Provided material -
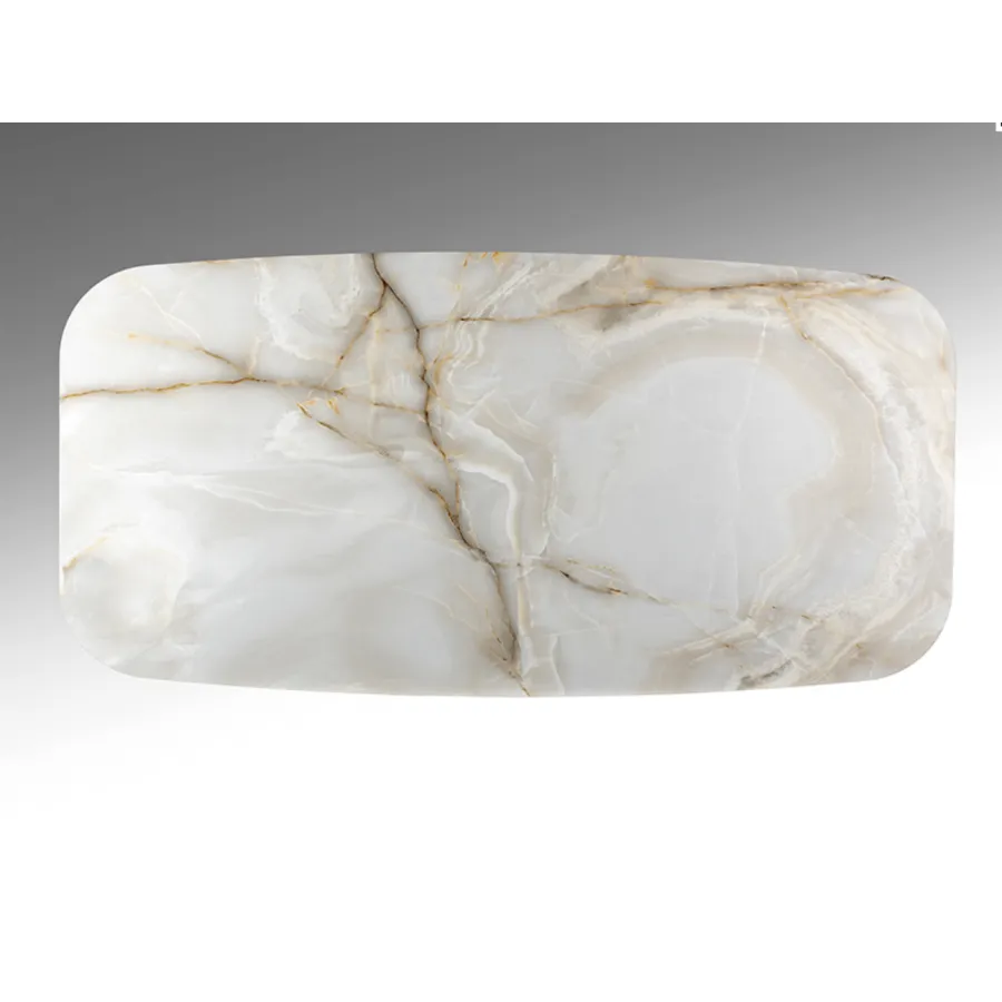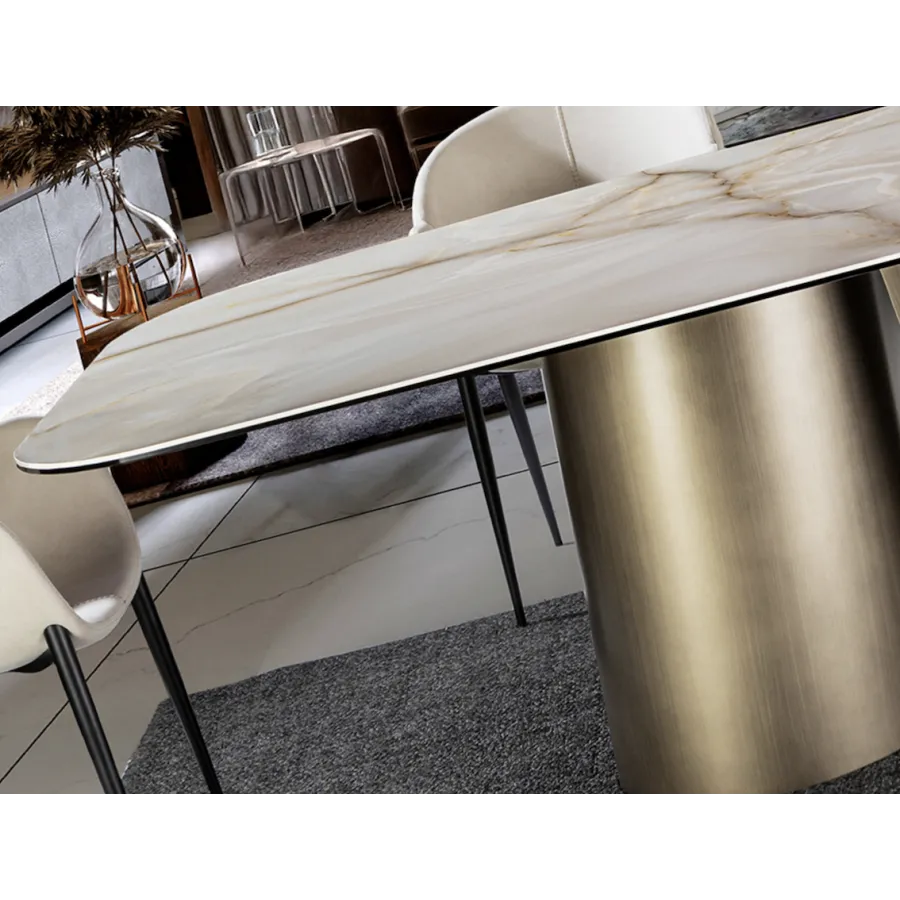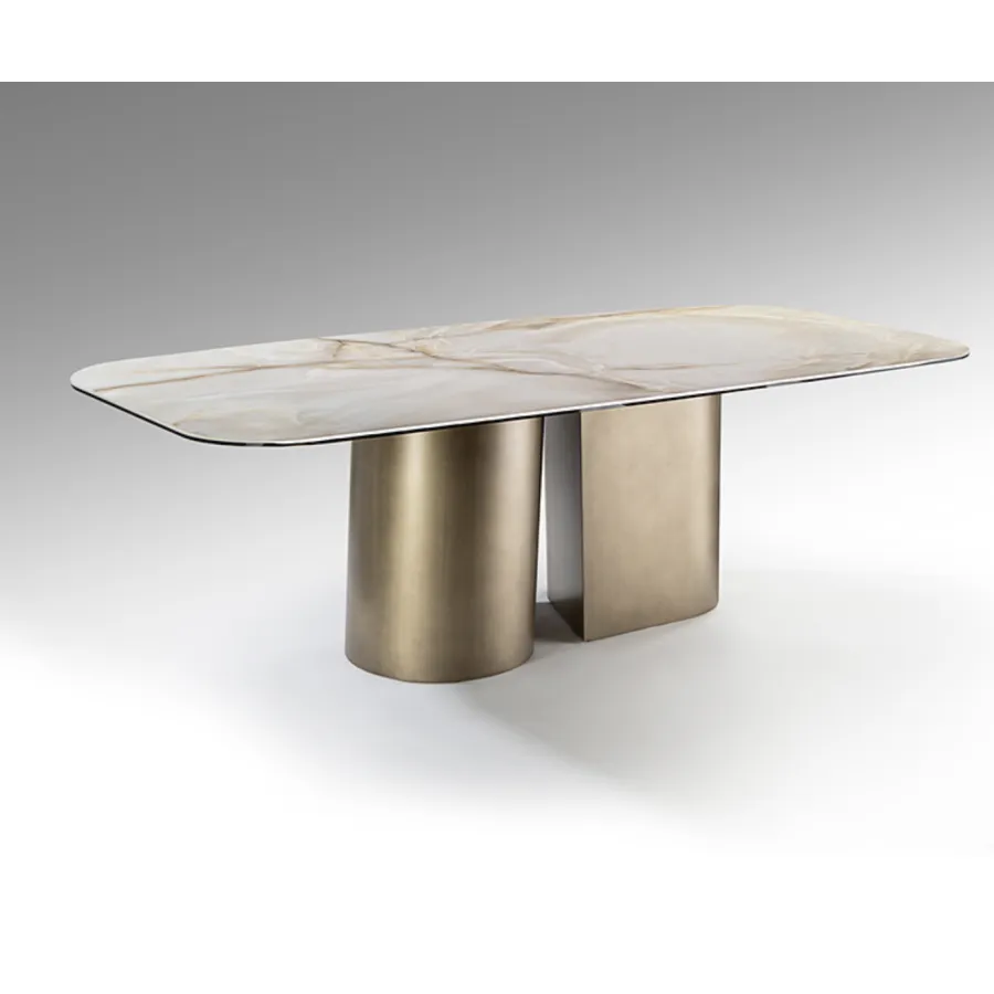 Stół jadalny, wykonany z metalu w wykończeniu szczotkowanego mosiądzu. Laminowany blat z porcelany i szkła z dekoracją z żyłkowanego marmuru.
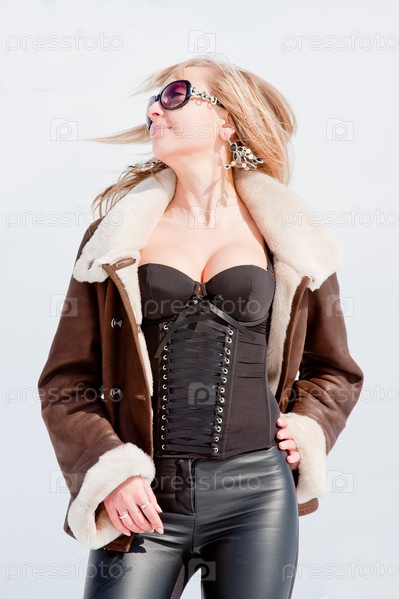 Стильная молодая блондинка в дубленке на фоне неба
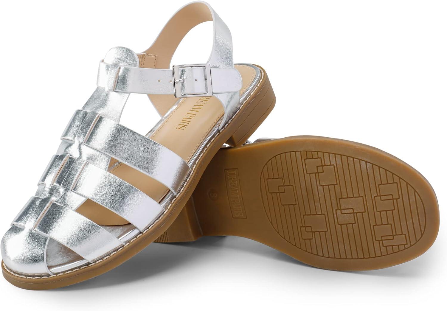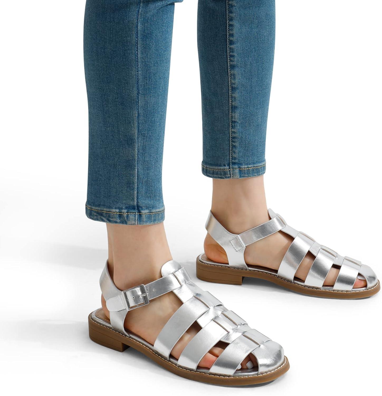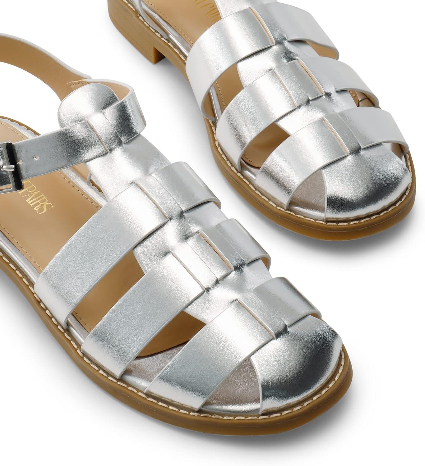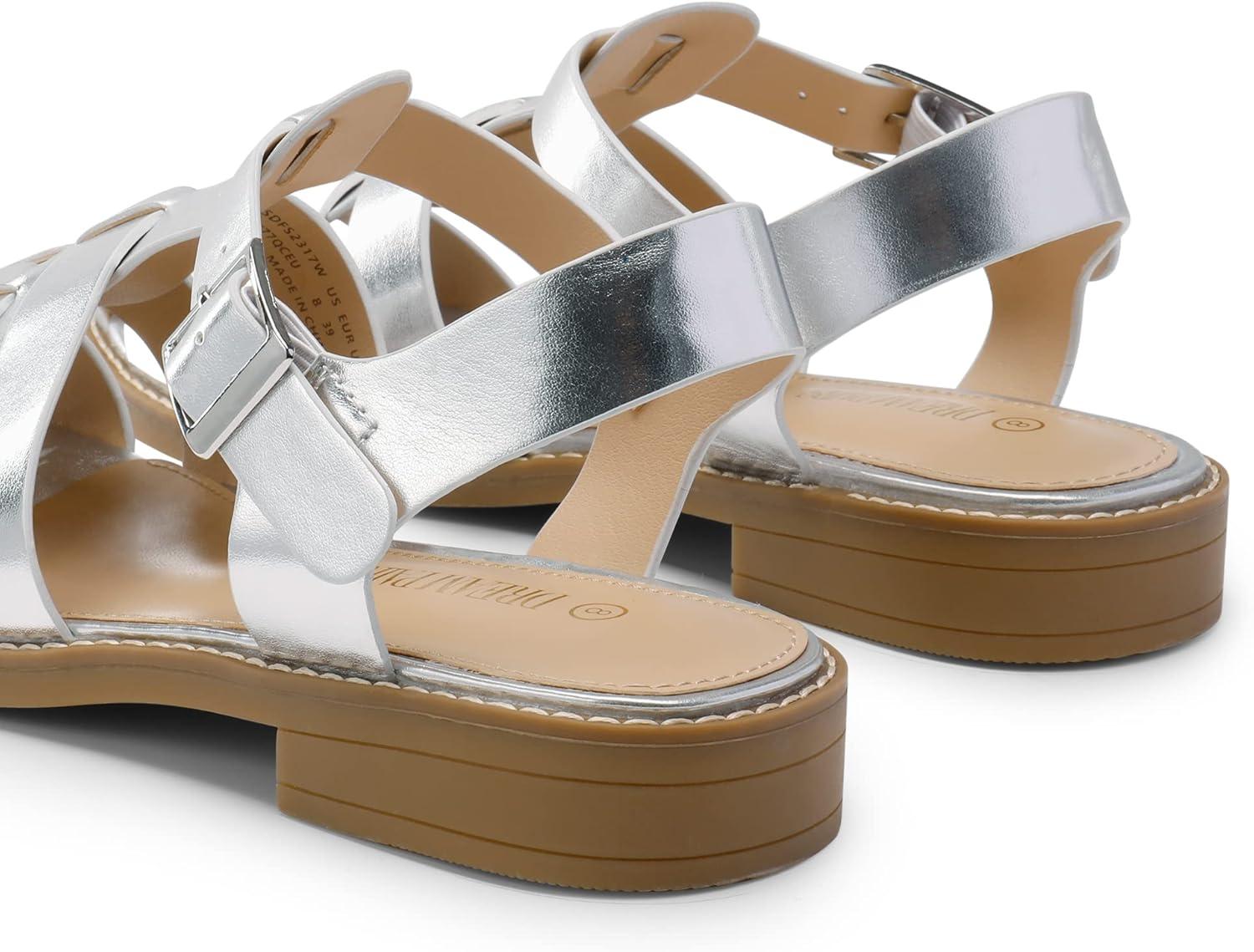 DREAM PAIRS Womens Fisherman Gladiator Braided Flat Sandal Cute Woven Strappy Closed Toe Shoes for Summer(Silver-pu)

Exercise aim - The expected answer consists solely of the lines from the one with "Стильная молодая блондинка" through the last line of the listing above, restated exactly, minus any pictures.

Written solution -
 Стильная молодая блондинка в дубленке на фоне неба
 DREAM PAIRS Womens Fisherman Gladiator Braided Flat Sandal Cute Woven Strappy Closed Toe Shoes for Summer(Silver-pu)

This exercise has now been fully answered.